However, during regex matching, Java treats the string as one character of content despite the fact that its counterparts, like JavaScript, classify the two characters individually ("\uD83C" and "\uDF46"). So, if the regex includes a simple unicode range from 0x0000 to 0xFFFF, then Java's emoji characters will not be matched while JavaScript's will.

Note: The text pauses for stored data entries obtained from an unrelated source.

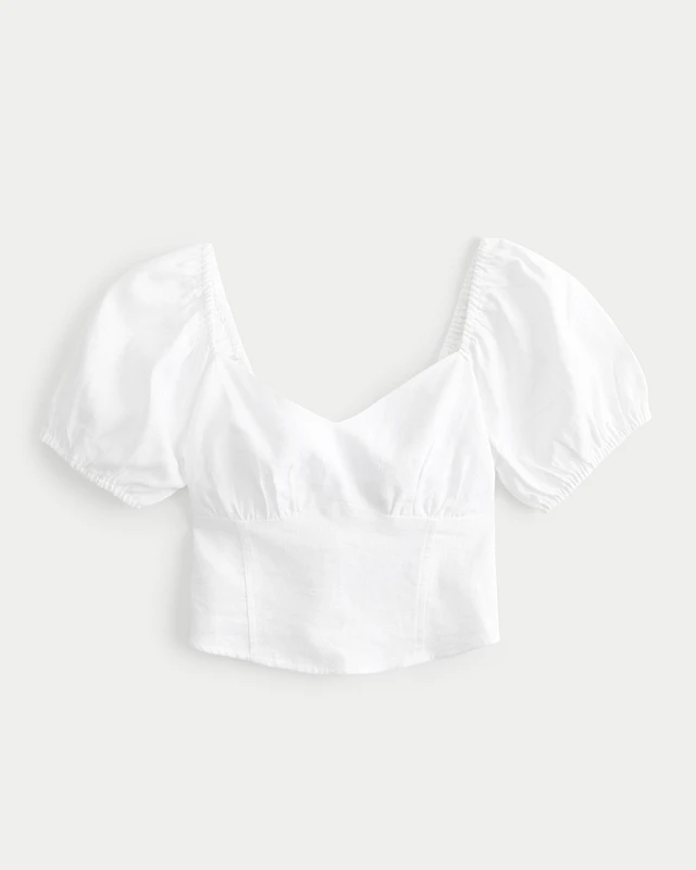 Short-Sleeve Linen-Blend Ruched Bust Top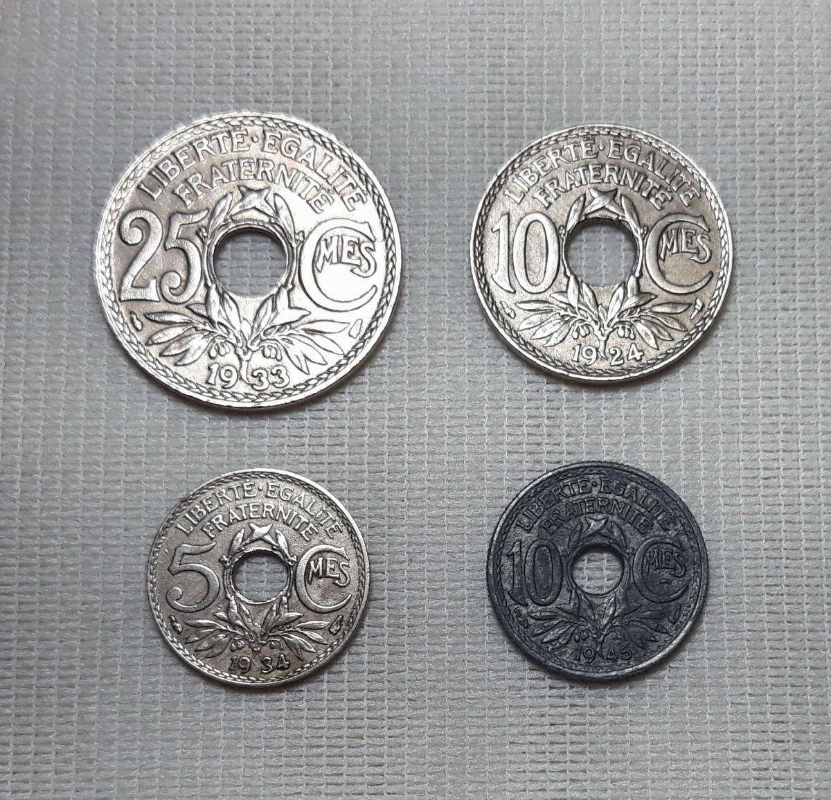 - 1924~ フランス 古い硬貨 4枚 有孔 大戦期含む ◆o-33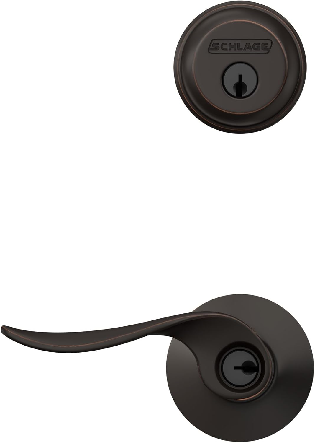 This combo pack includes a single cylinder deadbolt and a keyed knob/lever. The deadbolt locks/unlocks from the exterior with a key and from the interior with a thumbturn; the knob/lever is a locking, keyed function. This product is backed by over a century of dedication to durability, strength and craftsmanship from Schlage. Built with premium materials and certified to the highest industry standards, this deadbolt/door handle combo pack is the finishing touch that makes your house a home. Trust your home to Schlage.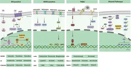 Les voies les plus importantes reconnues dans le cancer du sein, notamment la voie du récepteur des œstrogènes[47], la voie de signalisation HER2[48],[49], la voie de signalsation PI3K/AKT/mTOR[50],la voie MAPK[50],[51] et la voie cycline D1/kinase dépendante de la cycline 4/6/protéine du rétinoblastome (cycline D1/CDK4/6/RB1).
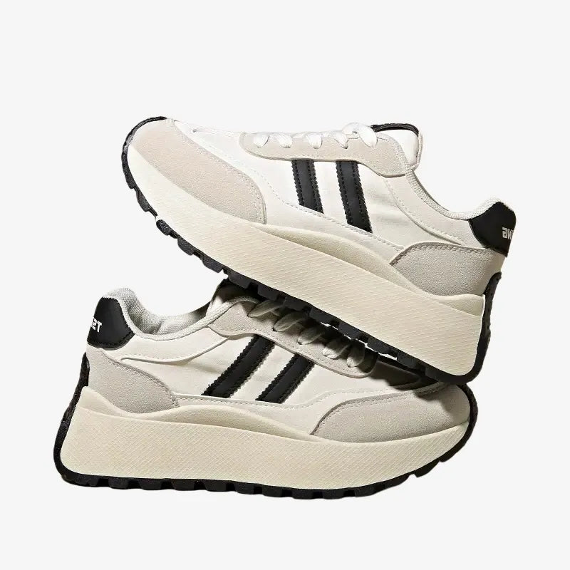 Mélange de suédine et textile respirant, cette paire offre un bon équilibre entre douceur, légèreté et résistance. Les bandes noires contrastantes ajoutent du caractère sans surcharger le design.
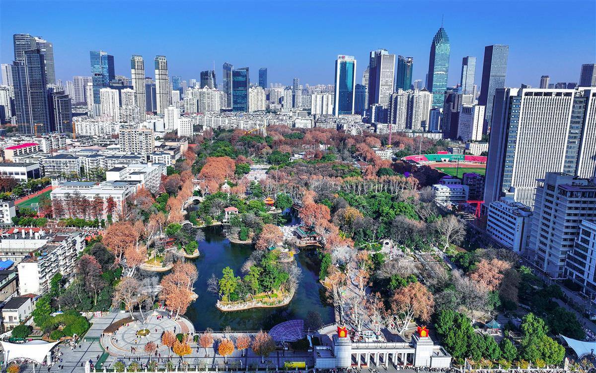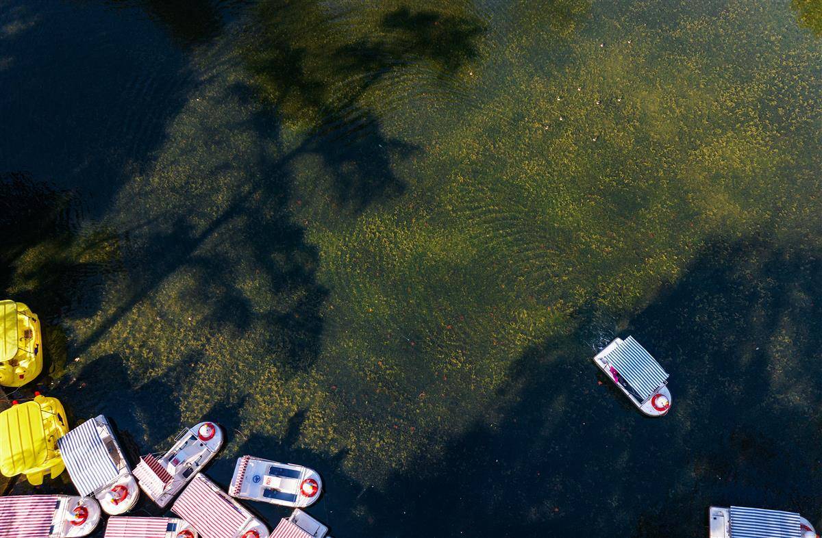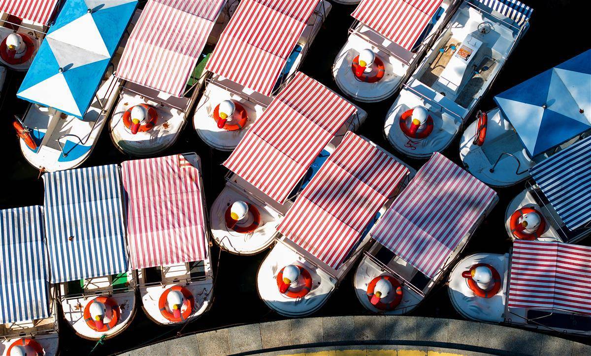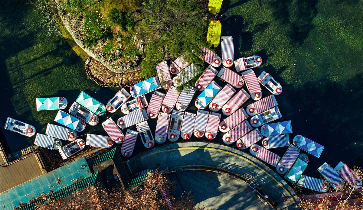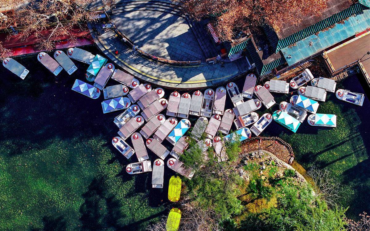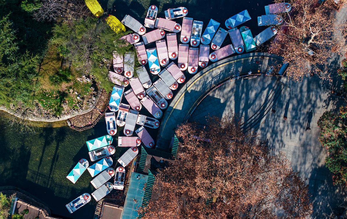1月8日,鸟瞰武汉中山公园里的游船码头,数十艘船聚集,好像拼方块一样“拼出”一幅美丽图案。隐藏在繁华都市之中的中山公园,以其独有的静谧与美丽,吸引了众多市民前来游玩。(湖北日报全媒记者 朱熙勇 摄)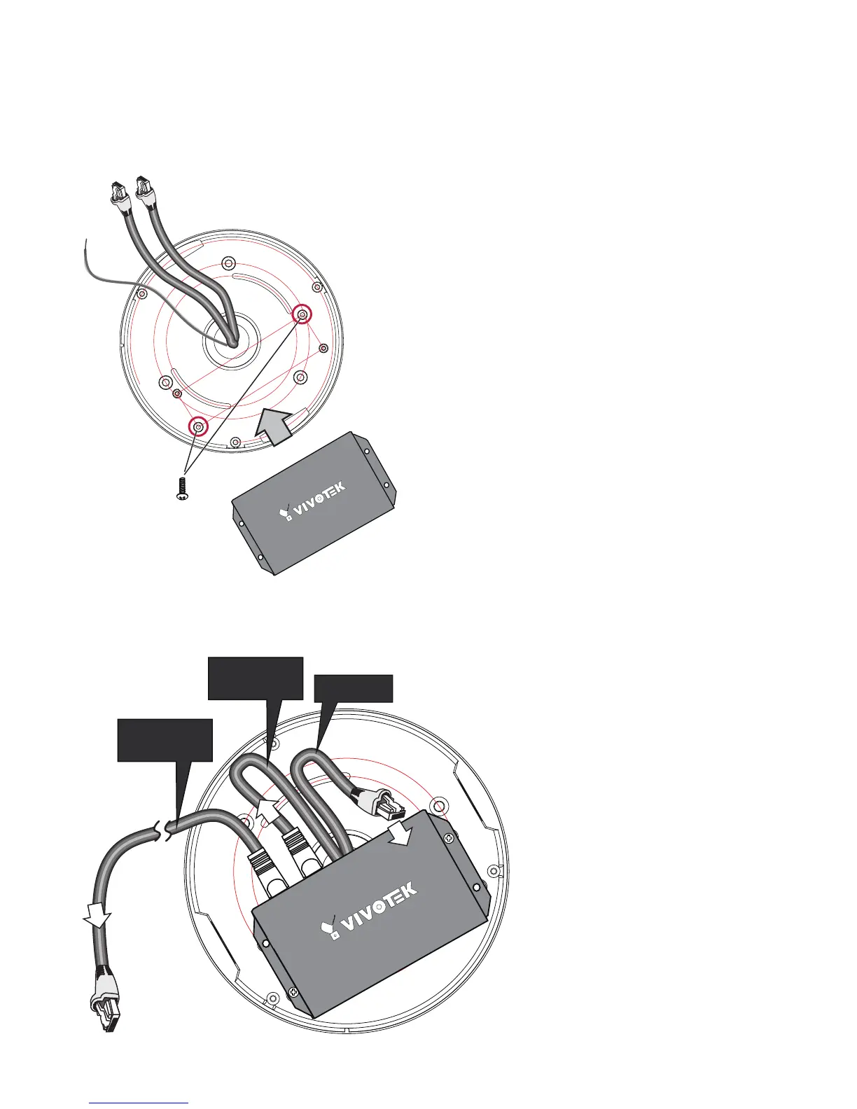 3. When done, install the PoE extender by driving 2 screws to the conduit box, its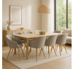 Elegantní židle Molto je kombinací módní látky s odolnou kovovou základnou. Sedák v šedé barvě se dokonale hodí k černé matné základně. Kovové nohy se snadno čistí a jsou odolné proti znečištění, zatímco sedák má matnou povrchovou úpravu. Produkt byl navržen ve stylu Glamour. Židle je lehká, váha se pohybuje okolo 5-6 kg, její maximální zatížení je 120 kg. Rozměry: Výška sedáku: 46 cm Šířka sedáku: 42 cm Výška područek: 70 cm Hloubka sedáku: 46 cm Tloušťka nohou: 3,5 cm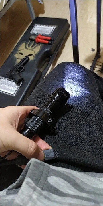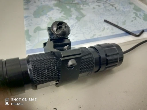 фонарик светит, выносная кнопка работает. винт, фиксирующий прижимное кольцо на креплении слишком длинный, не даёт зафиксировать крепление на пиккатини. надо подрезать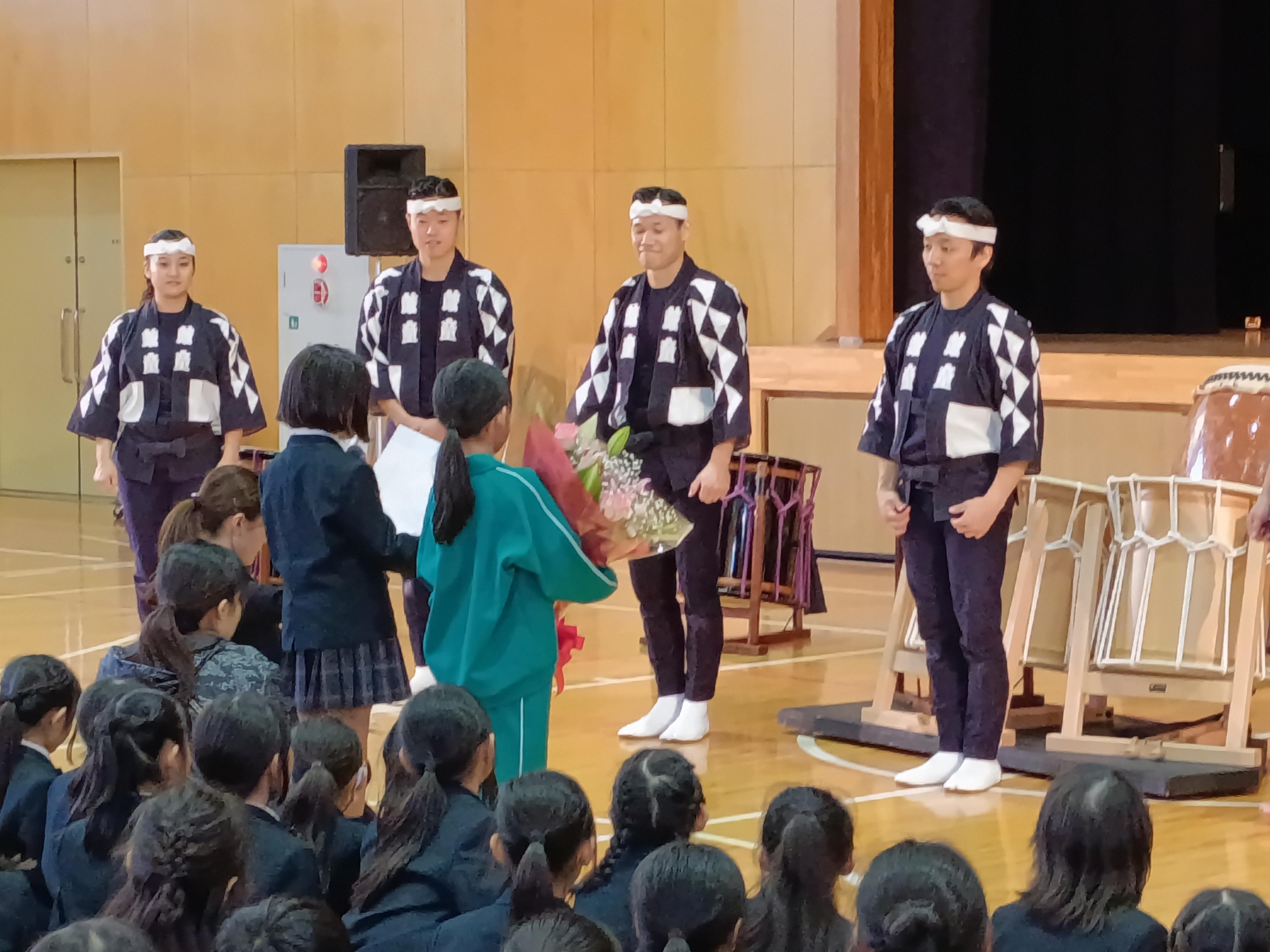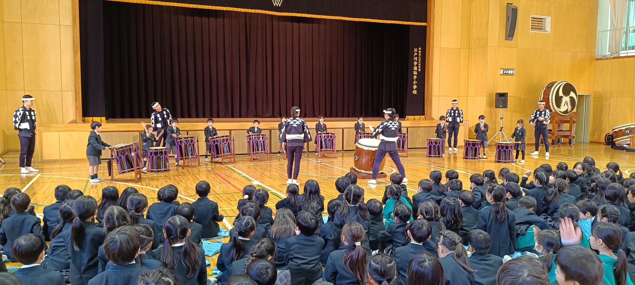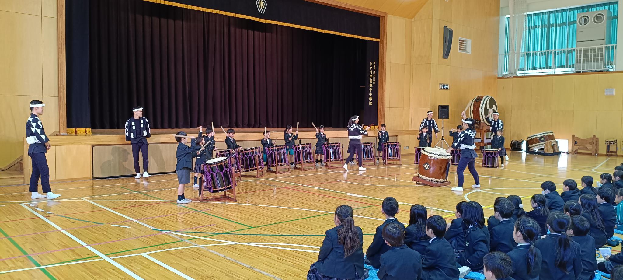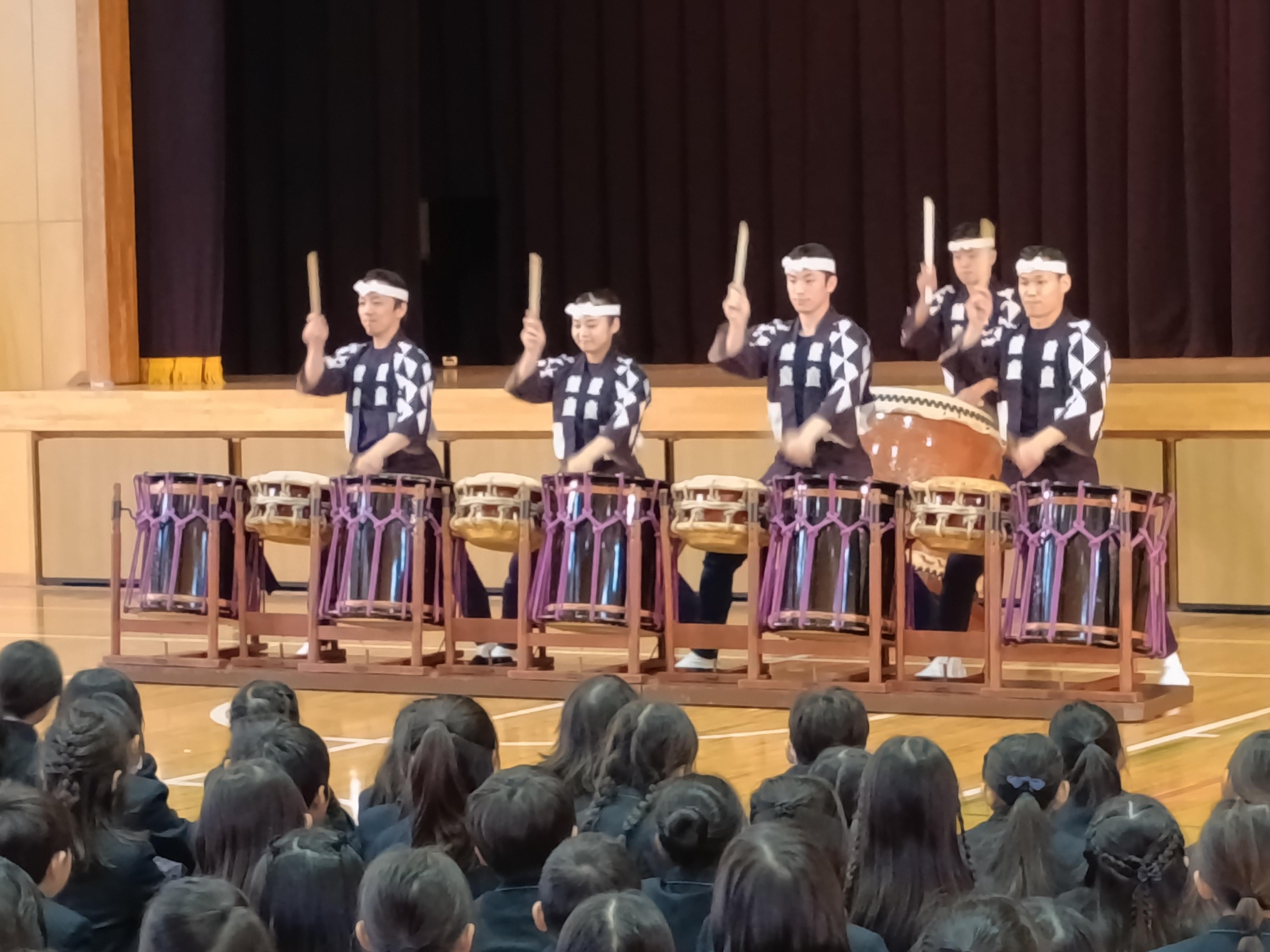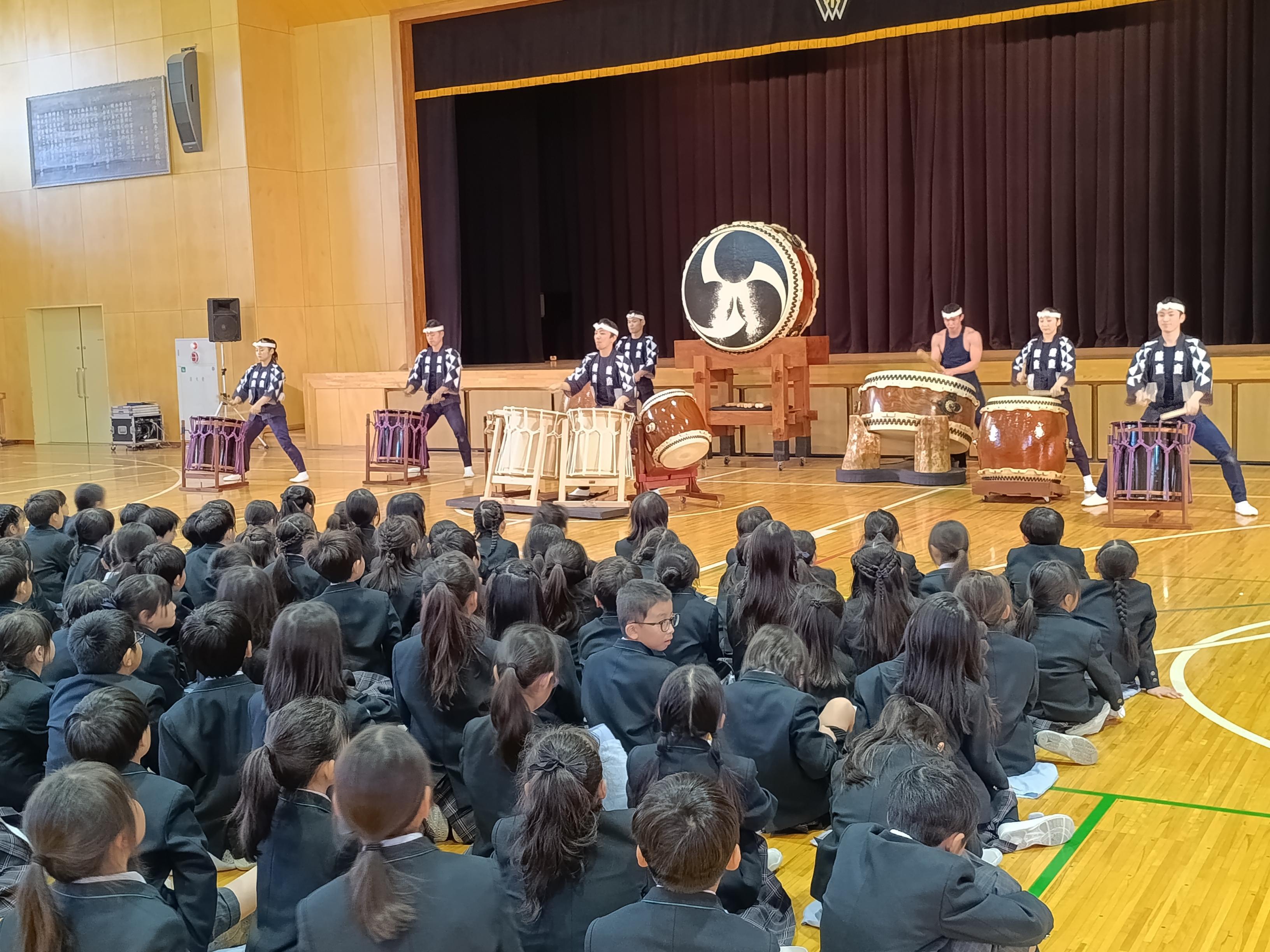 先日、1・2年生が芸術鑑賞会を行い、学校の体育館に太鼓芸能集団「鼓童」の皆さんをお迎えしました。

MediaWiki has a regex character class to allow for use in titles called $wgLegalTitleChars. A slight variation of this regex is implemented in PageviewDefinition.java in the Analytics refinery-core:

/**
* Simple regex to reject illegal title characters.
*
* Must be kept in sync with $wgLegalTitleChars.
*/
private final Pattern titleValidPattern = Pattern.compile(
    "^[ %!\"$&'()*,\\-./0-9:;=?@A-Z\\\\^_`a-z~\\x80-\\xFF\\u0080-\\uffff]+$"
);

As a result, page titles that contained emoji were left unmatched from the pattern. For Java, unicode matching will not work for emoji unless it is in the form of a char (surrogate) pair.

So, how do we fix this?

Now that somebody's noticed after 10 months, it's time to fix this issue. What's the best way? I don't know. But, I'll pose to you 3 different ways, and I want your feedback on what route you think I should go.

  1. The deviating way

Now, why did I previously bring up JavaScript? Because the core Mediawiki code, here, built in JavaScript, manipulates the $wgLegalTitleChars character class in a similar way to that currently-implemented in the pageview definition. However, it correctly classifies emoji because it treats each 16-bit character in the surrogate pair as its own step and matches all such characters.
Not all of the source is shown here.